= Health and Safety at Work (Hazardous Substances) Regulations 2017 =

New Zealand legislation

The Health and Safety at Work (Hazardous Substances) Regulations 2017 is a New Zealand statutory instrument made under the provisions of the Health and Safety at Work Act 2015.

The regulations set out controls on the use and management of a wide range of general and specific substances, how they may be used and stored and the penalties for failing to comply general requirements imposed on employers to protect employees and other persons from the hazards of substances used at work by risk assessment, control of exposure, health surveillance and incident planning.

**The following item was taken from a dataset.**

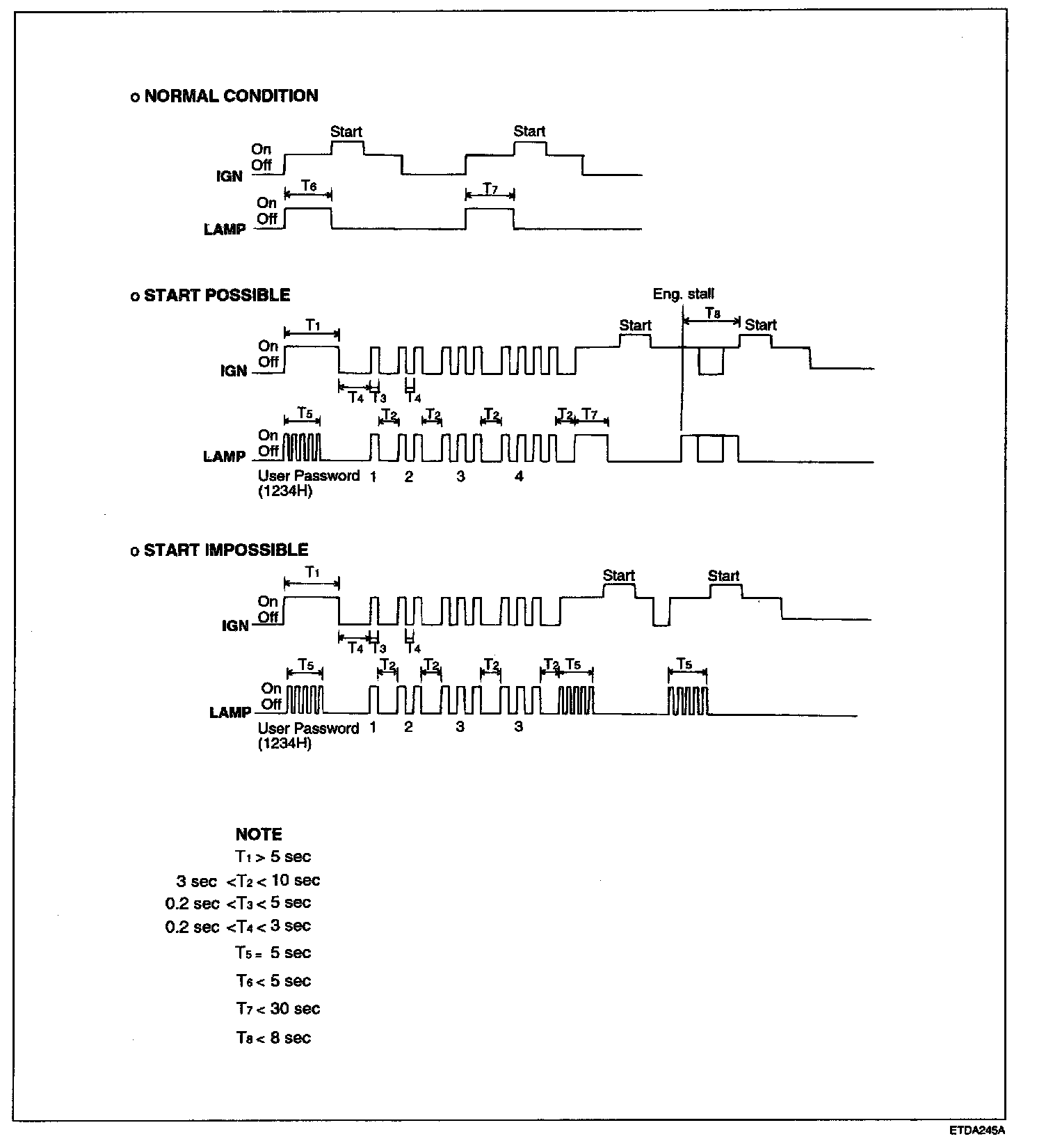 The limp home can be activated also by the ignition key. The ECM informs the driver by blinking the immobilizer indicator for the limp home condition. Then the user password can be input to ECM can be done by special sequence of ignition on/off.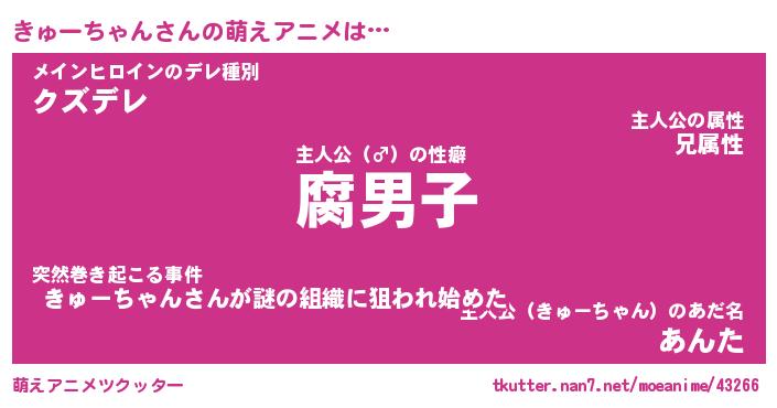 | 男性向けラノベタイトル風あだ名 | 『キューチャンアートオンライン』 |

There are also duties on employees to take care of their own exposure to hazardous substances.

It define hazardous as
Hazardous substance means, unless expressly provided otherwise by regulations or an EPA notice, any substance
(a) with 1 or more of the following intrinsic properties, (i) explosiveness , (ii) flammability, (iv) corrosiveness, (v) toxicity (including chronic toxicity), (vi) ecotoxicity, with or without bioaccumulation; or

(b) which on contact with air or water (other than air or water where the temperature or pressure has been artificially increased or decreased) generates a substance with any 1 or more of the properties specified in this paragraph

It includes requirements for labelling and signage of hazardous substance containers wherever they are used and stored, to keep inventories of hazardous substances, have risk management procedures and policies and must ensure that workers are effectively trained and supervised.

Further sections relate to specific storage and containments rules and to specific substances and gases including pressurised vessels.